◆ Work task ◆
Skipping all pictures, set down the lines of the listing from the first through the one with "- Bring power".

[[ Data section, beginning ]]

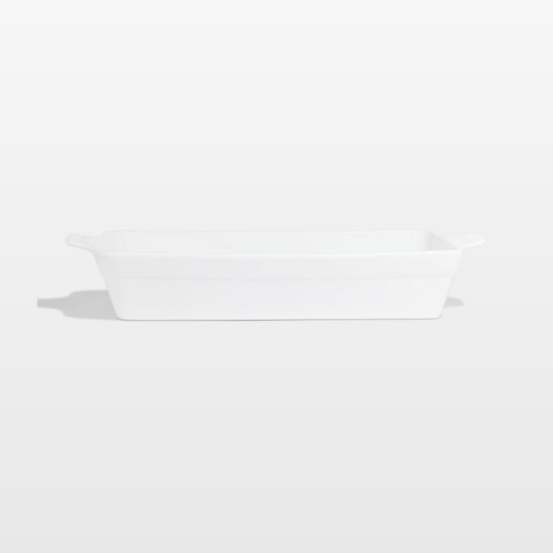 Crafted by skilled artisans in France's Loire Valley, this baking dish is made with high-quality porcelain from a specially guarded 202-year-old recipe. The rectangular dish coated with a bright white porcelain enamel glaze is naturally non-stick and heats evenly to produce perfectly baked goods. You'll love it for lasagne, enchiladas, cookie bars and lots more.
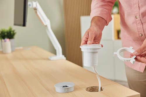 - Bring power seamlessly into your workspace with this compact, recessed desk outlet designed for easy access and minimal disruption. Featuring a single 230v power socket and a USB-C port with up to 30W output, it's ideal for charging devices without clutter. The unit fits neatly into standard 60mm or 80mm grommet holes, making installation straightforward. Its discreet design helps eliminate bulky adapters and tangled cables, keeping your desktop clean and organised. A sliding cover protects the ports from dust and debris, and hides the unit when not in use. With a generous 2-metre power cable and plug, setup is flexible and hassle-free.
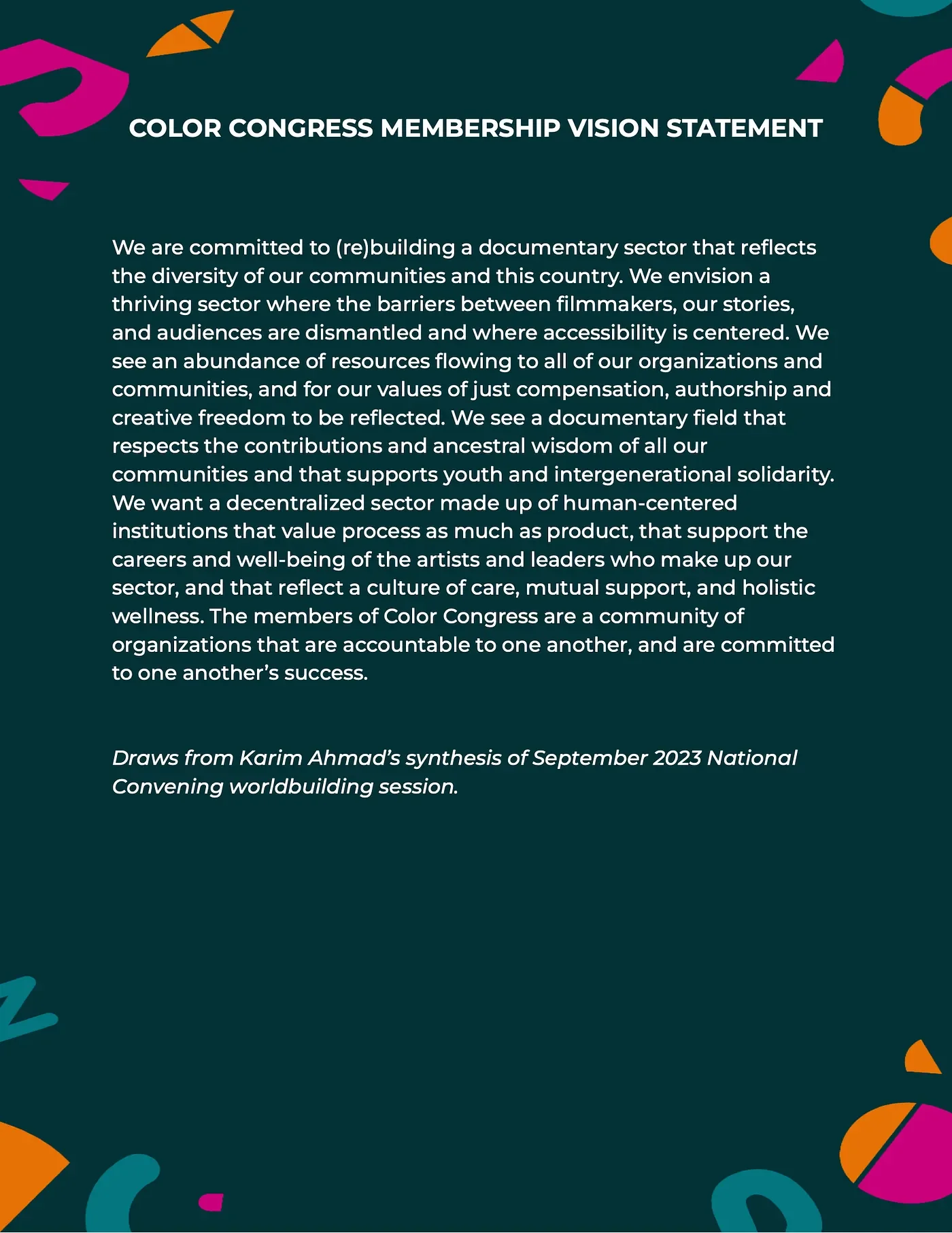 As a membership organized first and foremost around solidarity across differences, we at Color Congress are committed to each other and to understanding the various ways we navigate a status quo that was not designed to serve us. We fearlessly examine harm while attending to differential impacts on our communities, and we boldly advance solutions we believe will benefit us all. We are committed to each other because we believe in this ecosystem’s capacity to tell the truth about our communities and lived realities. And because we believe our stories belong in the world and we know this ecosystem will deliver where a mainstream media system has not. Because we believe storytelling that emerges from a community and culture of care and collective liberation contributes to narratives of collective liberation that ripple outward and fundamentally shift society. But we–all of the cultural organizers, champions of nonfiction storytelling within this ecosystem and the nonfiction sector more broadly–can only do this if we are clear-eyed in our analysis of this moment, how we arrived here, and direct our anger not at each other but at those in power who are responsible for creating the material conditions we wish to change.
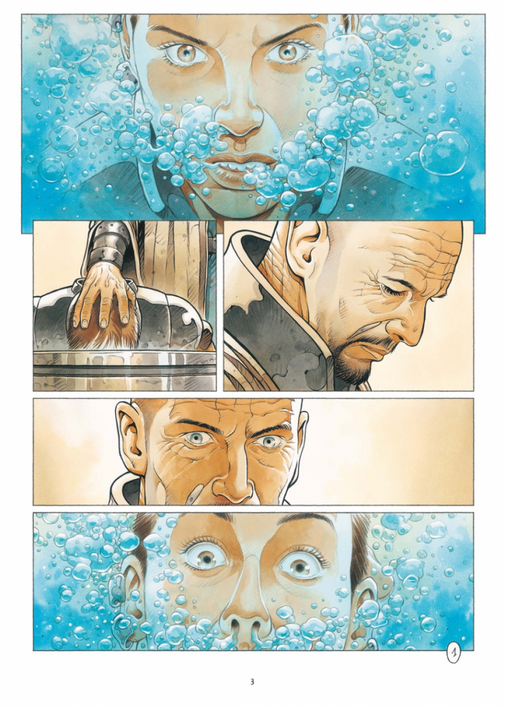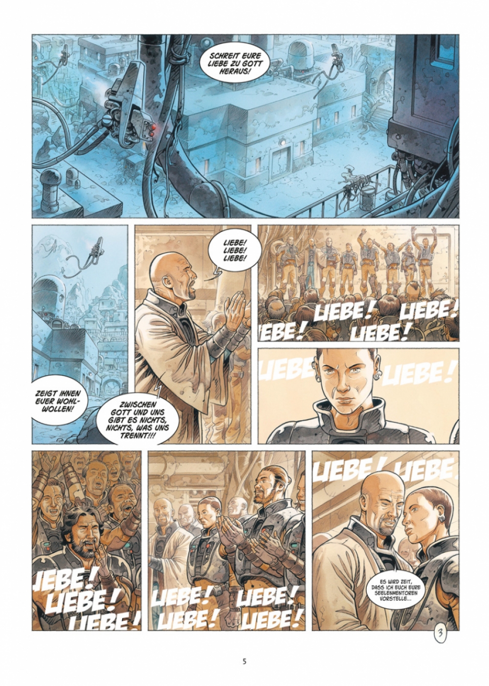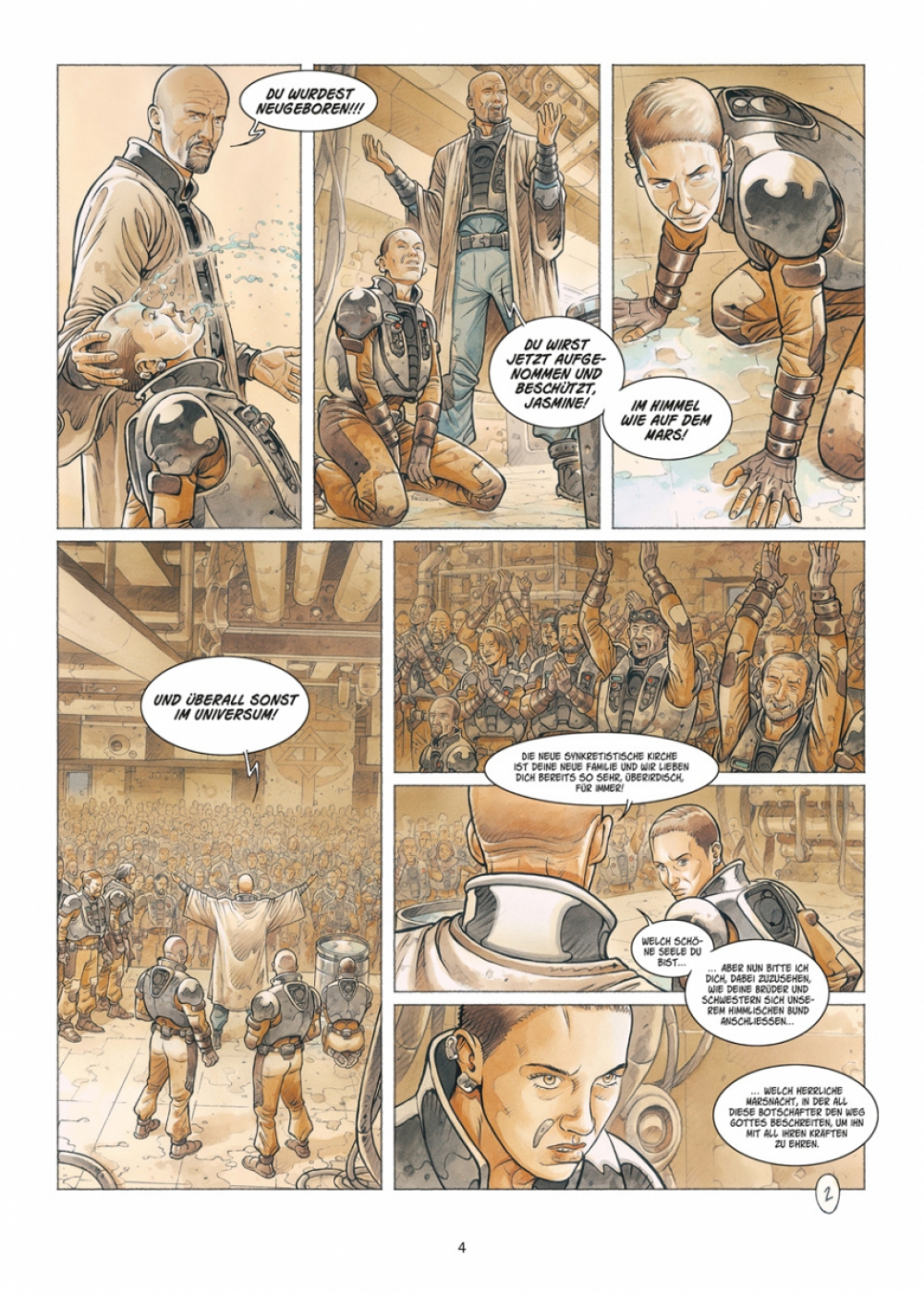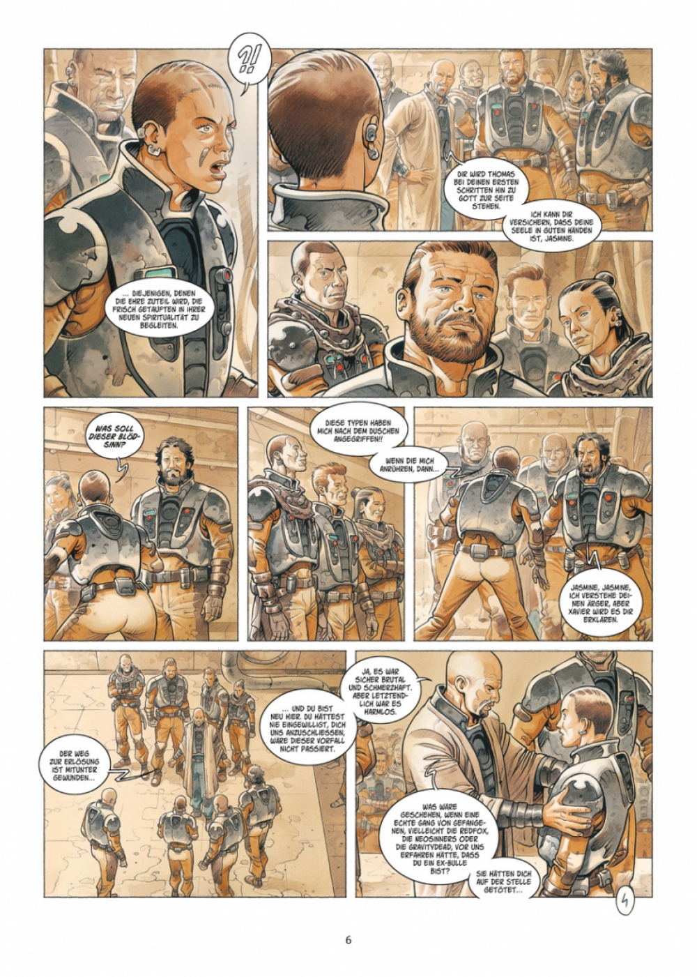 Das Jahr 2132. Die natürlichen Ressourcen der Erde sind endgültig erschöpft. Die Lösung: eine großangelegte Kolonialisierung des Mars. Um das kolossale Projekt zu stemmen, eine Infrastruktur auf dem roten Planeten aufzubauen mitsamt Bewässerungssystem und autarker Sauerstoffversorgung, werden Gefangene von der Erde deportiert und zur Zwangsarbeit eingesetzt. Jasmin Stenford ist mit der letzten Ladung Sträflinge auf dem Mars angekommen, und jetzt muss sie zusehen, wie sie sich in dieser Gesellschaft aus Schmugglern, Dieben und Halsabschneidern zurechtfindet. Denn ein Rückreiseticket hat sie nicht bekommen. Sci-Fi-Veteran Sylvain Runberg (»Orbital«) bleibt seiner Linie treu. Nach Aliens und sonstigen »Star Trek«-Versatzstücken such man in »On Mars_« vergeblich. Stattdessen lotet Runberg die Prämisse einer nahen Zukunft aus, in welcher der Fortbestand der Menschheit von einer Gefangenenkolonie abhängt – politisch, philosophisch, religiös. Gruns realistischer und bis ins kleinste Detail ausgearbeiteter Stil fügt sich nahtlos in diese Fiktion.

[[ Data section, end ]]

◆ Result ◆
 Crafted by skilled artisans in France's Loire Valley, this baking dish is made with high-quality porcelain from a specially guarded 202-year-old recipe. The rectangular dish coated with a bright white porcelain enamel glaze is naturally non-stick and heats evenly to produce perfectly baked goods. You'll love it for lasagne, enchiladas, cookie bars and lots more.
 - Bring power seamlessly into your workspace with this compact, recessed desk outlet designed for easy access and minimal disruption. Featuring a single 230v power socket and a USB-C port with up to 30W output, it's ideal for charging devices without clutter. The unit fits neatly into standard 60mm or 80mm grommet holes, making installation straightforward. Its discreet design helps eliminate bulky adapters and tangled cables, keeping your desktop clean and organised. A sliding cover protects the ports from dust and debris, and hides the unit when not in use. With a generous 2-metre power cable and plug, setup is flexible and hassle-free.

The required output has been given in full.